Actually, Biden pretty clearly said that "Executive Orders" was only one of the things they'd look at:

"The vice president said there was a consensus on "three or four or five" steps regarding gun safety, but did not specify what they were.

"There are executive orders, executive action that can be taken. We haven't decided what that is yet," Biden said, adding that Obama is conferring with Attorney General Eric Holder on potential action."

http://www.reuters.c...E9080UA20130109

People are having a hard enough time understanding what this means already without it getting confused further, IMO. There is no evidence here - at all - that the President intends to "push or break" the envelope, so while your point about the integrity of the political process is perfectly valid, it's not striking me as overly relevant, so I was trying to think of some way that it might be relevant that I was missing. Not to my "argument," but the larger topic of gun control.
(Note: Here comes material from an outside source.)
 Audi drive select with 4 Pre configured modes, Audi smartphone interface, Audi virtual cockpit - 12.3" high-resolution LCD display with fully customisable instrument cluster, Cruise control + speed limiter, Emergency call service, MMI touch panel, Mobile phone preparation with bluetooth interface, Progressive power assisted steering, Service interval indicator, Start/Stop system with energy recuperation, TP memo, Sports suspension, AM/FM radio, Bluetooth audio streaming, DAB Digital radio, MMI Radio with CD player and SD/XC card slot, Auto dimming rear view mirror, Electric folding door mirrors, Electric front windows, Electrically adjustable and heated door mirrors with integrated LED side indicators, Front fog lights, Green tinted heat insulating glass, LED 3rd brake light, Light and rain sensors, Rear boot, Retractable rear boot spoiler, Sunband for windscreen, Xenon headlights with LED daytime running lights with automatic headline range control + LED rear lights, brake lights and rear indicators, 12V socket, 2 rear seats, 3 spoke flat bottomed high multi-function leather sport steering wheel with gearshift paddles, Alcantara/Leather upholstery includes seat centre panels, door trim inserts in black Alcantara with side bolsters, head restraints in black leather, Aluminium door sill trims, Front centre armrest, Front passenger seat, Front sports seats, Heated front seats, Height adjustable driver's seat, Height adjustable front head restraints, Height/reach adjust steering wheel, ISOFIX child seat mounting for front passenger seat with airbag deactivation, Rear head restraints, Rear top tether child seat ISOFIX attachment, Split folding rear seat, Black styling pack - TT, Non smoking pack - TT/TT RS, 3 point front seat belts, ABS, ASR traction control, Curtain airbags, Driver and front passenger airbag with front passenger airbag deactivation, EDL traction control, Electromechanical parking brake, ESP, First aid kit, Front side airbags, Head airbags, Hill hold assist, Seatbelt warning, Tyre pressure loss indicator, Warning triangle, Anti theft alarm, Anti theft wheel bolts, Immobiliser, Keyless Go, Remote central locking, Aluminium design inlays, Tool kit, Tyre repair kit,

I don't think the point is confusing at all, unless you want to turn it into a legal argument. My point is pretty simple -- gun owners don't trust the President not to twist the intent of legislation. What Biden is referring to are material gun-control actions the Administration will take without seeking any Congressional approval. And the prospect of the President being willing to limit gun rights without going through Congress makes some folks nervous. Whether he theoretically had that power before in a regulatory sense really is academic to how those comments destroy any good faith starting point for a deal.

I'm still not really seeing any relevance, but that's okay, I understand that you just have a point you want to make and aren't particularly concerned about what thread it gets made in.
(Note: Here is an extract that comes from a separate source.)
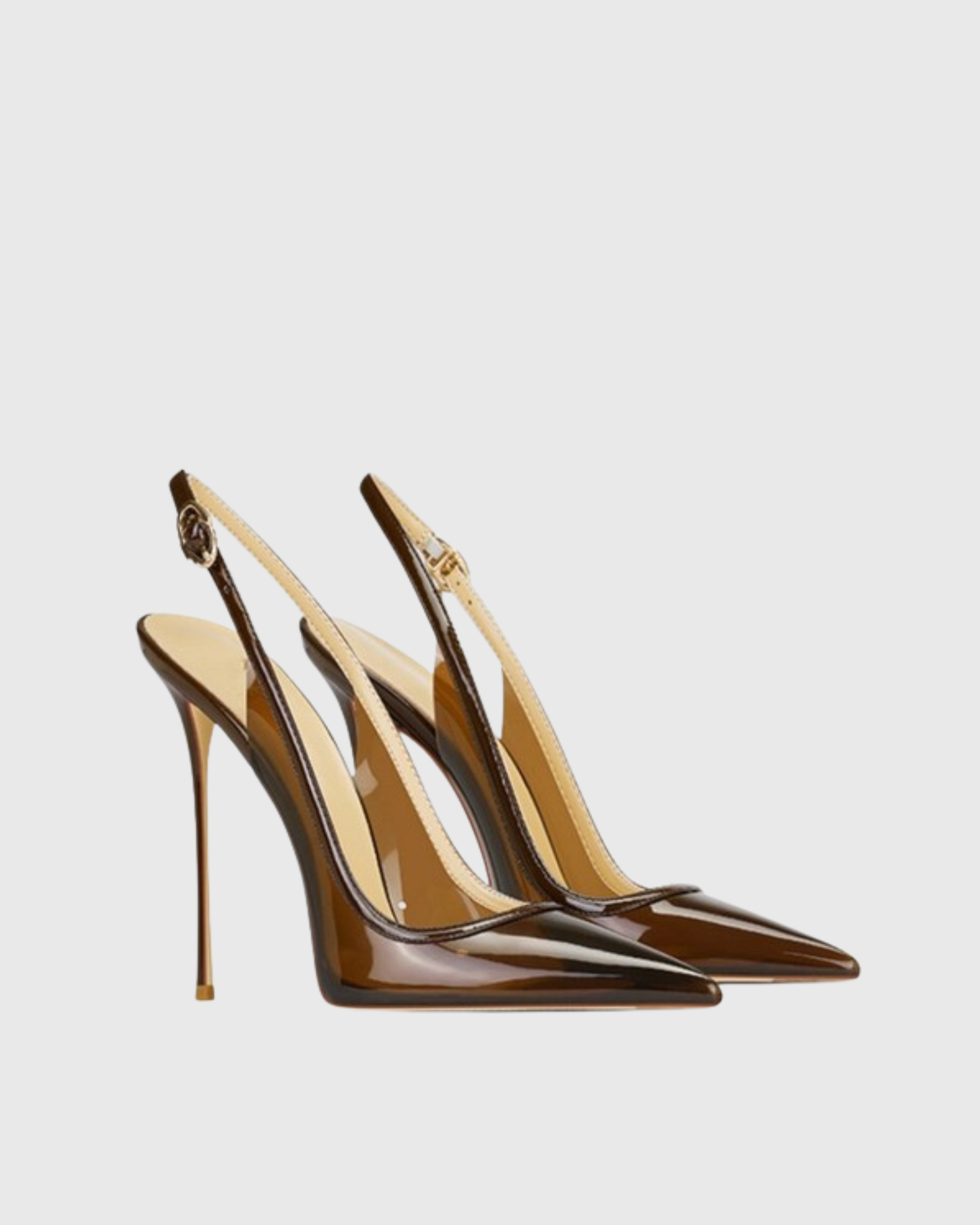 Step into elegance with the Sylvie PVC Slingback Pumps in Brown. These chic pumps combine transparent PVC with a warm brown tone, offering a modern twist on classic style. The slingback design ensures a secure, comfortable fit, perfect for all-day wear. Elevate your outfit effortlessly with these versatile heels that blend sophistication and contemporary flair.

Uh, what? This is a gun control thread, not a "what does Rehnquist say about the difference ways the President may use his authority" thread. If you want to discuss the technical legalities, fine. I don't care. To me, the 5-4 status of the court, and the difficulty when it comes to political questions and interbranch disputes, makes the legal arguments rather moot.

Ah, I see you also want to continue to "eviscerate" former Cheif Justice Rhenquist's distinction. Is that because of an agenda that you have, or do you not understand the distinction?

No. I don't care about his distinction. While legally correct, it is irrelevant with respect to the substance of the issue as viewed from the perspective of a gun owner. Here's what you said for the "non-lawyers" upthread:

The difference is that where statutory authority is concerned, power Congress grants to the President can be taken away, any time, the same way it was granted.

Well, horsepiss to that. Sure, it's legally correct, but it is much harder to take away that authority once it has been given. Essentially, you're going to have to get control of both houses of Congress, and override a Presidential veto. How likely is that? That may be a perfectly valid solution from the perspective of a Constitutional theorist, but it's not a satisfactory distinction from the perspective of a gun owner who cares about the substance, and what happens between the point in time where the President takes that authority, and some future Congress manages to take it away.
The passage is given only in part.